_TASK BRIEF_: Below are the records; repeat exactly their lines between the line holding "El Ministerio de" and the line holding "活动伊始,志愿者们以饱满的热", inclusive, skipping the pictures.

_RECORD EXTRACTS_:
= = = = = = =

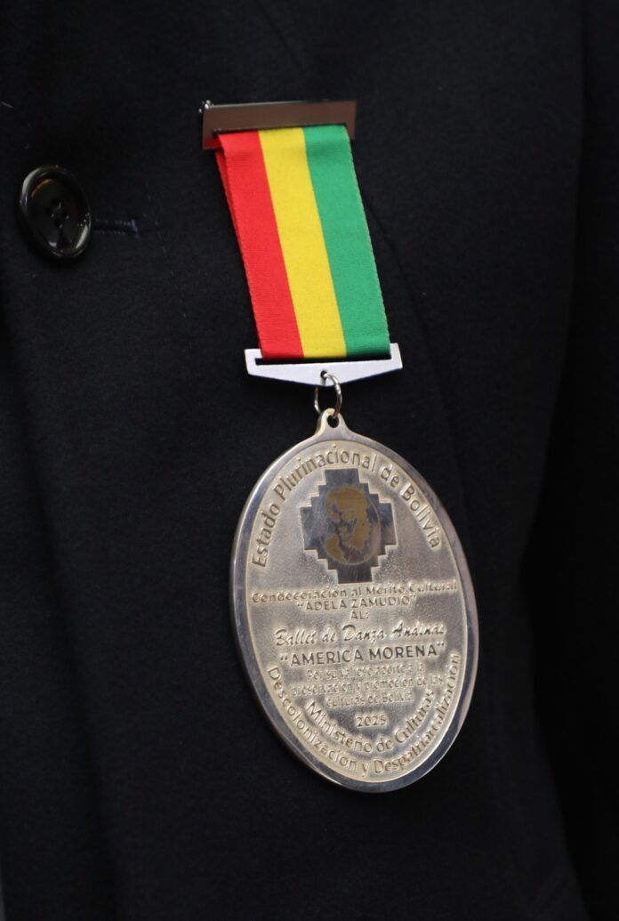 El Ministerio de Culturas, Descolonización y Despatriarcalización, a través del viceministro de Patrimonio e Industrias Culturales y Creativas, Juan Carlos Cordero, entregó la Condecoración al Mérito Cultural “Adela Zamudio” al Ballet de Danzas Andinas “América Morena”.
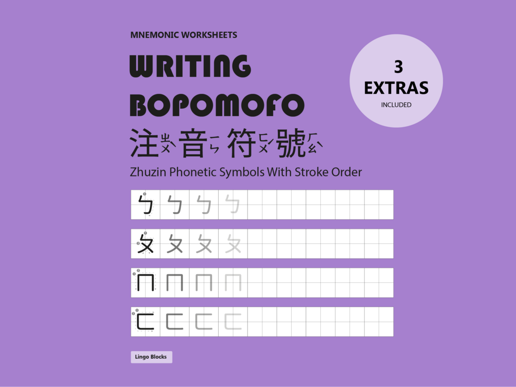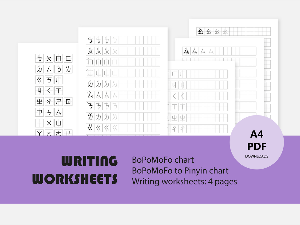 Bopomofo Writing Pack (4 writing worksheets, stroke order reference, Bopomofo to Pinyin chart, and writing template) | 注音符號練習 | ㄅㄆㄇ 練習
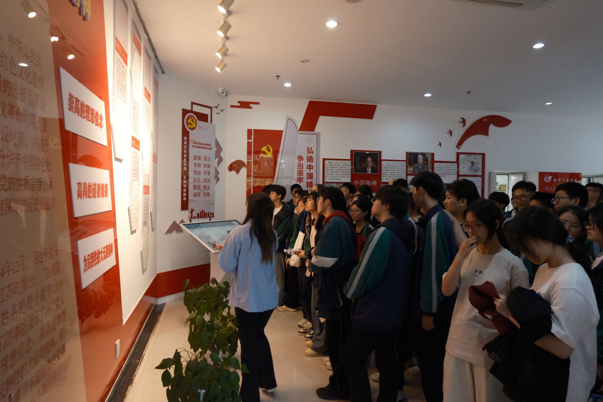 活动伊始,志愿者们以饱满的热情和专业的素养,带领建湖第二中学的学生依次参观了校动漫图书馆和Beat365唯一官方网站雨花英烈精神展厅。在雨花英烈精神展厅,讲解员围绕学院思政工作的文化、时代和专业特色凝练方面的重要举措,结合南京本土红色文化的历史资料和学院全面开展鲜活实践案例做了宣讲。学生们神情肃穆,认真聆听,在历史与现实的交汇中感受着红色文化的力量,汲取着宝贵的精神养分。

= = = = = = =

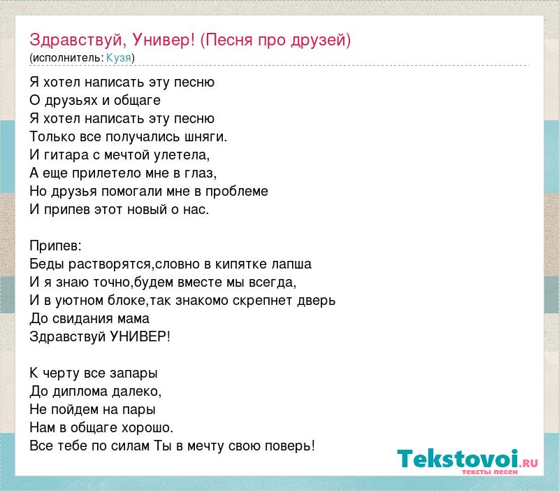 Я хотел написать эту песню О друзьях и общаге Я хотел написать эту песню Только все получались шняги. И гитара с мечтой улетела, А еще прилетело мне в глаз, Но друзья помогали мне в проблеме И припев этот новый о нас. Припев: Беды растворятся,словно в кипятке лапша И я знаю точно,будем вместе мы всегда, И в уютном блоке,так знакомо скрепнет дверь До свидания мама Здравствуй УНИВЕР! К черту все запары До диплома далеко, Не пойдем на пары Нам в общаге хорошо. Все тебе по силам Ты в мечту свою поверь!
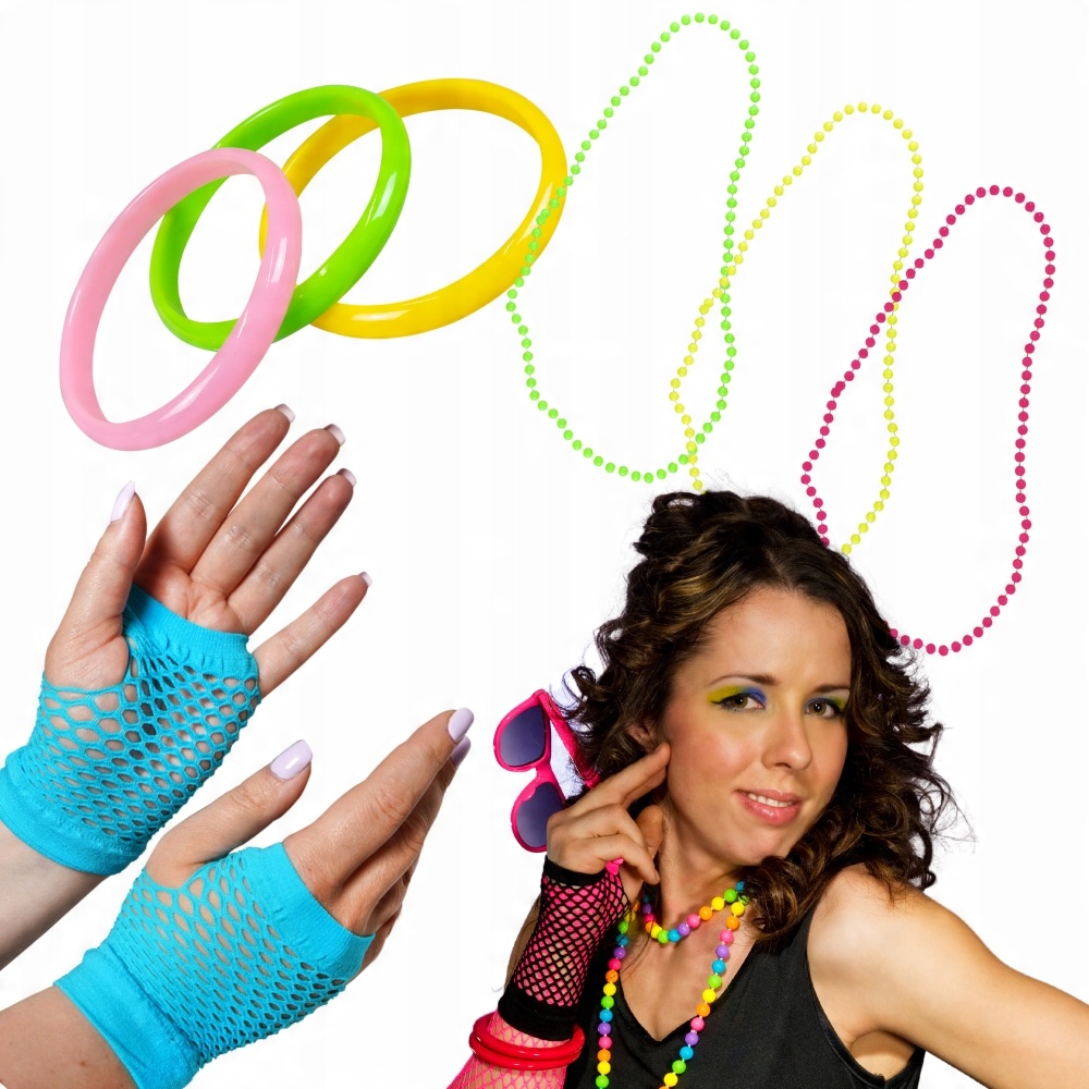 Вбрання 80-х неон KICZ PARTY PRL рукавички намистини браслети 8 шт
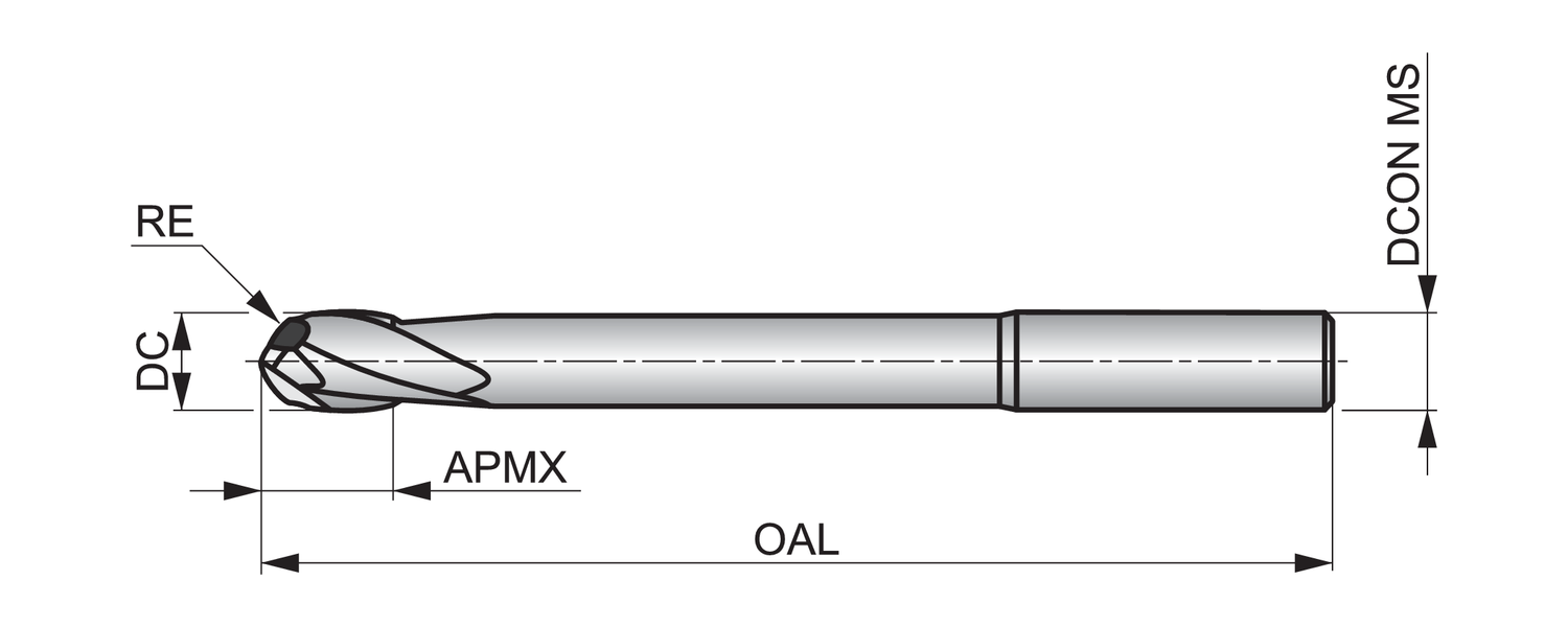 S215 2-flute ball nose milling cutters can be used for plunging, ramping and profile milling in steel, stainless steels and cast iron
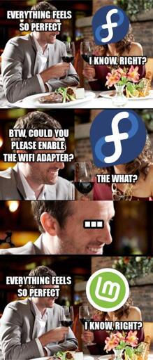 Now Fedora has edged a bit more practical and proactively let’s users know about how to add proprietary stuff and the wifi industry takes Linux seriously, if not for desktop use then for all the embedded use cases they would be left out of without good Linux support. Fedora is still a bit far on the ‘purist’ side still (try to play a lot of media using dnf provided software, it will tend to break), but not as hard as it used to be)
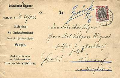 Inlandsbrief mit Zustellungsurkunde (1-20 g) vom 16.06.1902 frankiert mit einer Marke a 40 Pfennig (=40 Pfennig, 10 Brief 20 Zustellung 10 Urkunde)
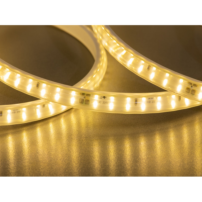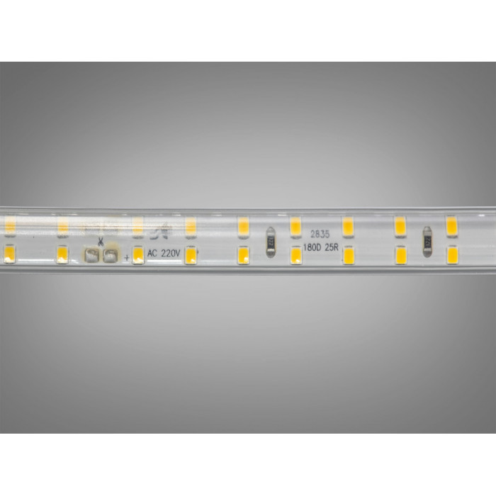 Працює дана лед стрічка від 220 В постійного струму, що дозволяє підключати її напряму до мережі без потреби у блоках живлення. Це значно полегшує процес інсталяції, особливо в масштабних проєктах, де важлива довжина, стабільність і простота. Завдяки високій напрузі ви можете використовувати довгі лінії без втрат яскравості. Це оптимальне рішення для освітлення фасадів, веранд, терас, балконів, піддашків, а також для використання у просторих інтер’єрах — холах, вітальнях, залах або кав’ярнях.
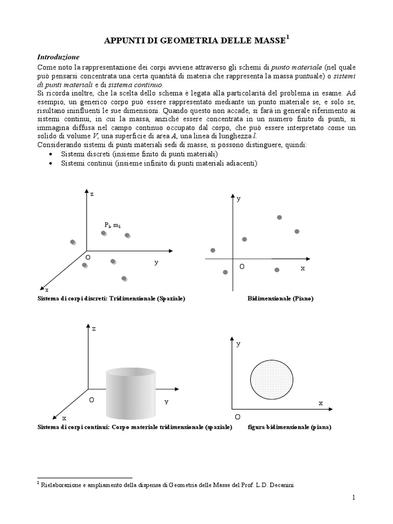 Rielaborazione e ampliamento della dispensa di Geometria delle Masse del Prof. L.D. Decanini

= = = = = = =

_OUTPUT BELOW_:
 El Ministerio de Culturas, Descolonización y Despatriarcalización, a través del viceministro de Patrimonio e Industrias Culturales y Creativas, Juan Carlos Cordero, entregó la Condecoración al Mérito Cultural “Adela Zamudio” al Ballet de Danzas Andinas “América Morena”.
 Bopomofo Writing Pack (4 writing worksheets, stroke order reference, Bopomofo to Pinyin chart, and writing template) | 注音符號練習 | ㄅㄆㄇ 練習
 活动伊始,志愿者们以饱满的热情和专业的素养,带领建湖第二中学的学生依次参观了校动漫图书馆和Beat365唯一官方网站雨花英烈精神展厅。在雨花英烈精神展厅,讲解员围绕学院思政工作的文化、时代和专业特色凝练方面的重要举措,结合南京本土红色文化的历史资料和学院全面开展鲜活实践案例做了宣讲。学生们神情肃穆,认真聆听,在历史与现实的交汇中感受着红色文化的力量,汲取着宝贵的精神养分。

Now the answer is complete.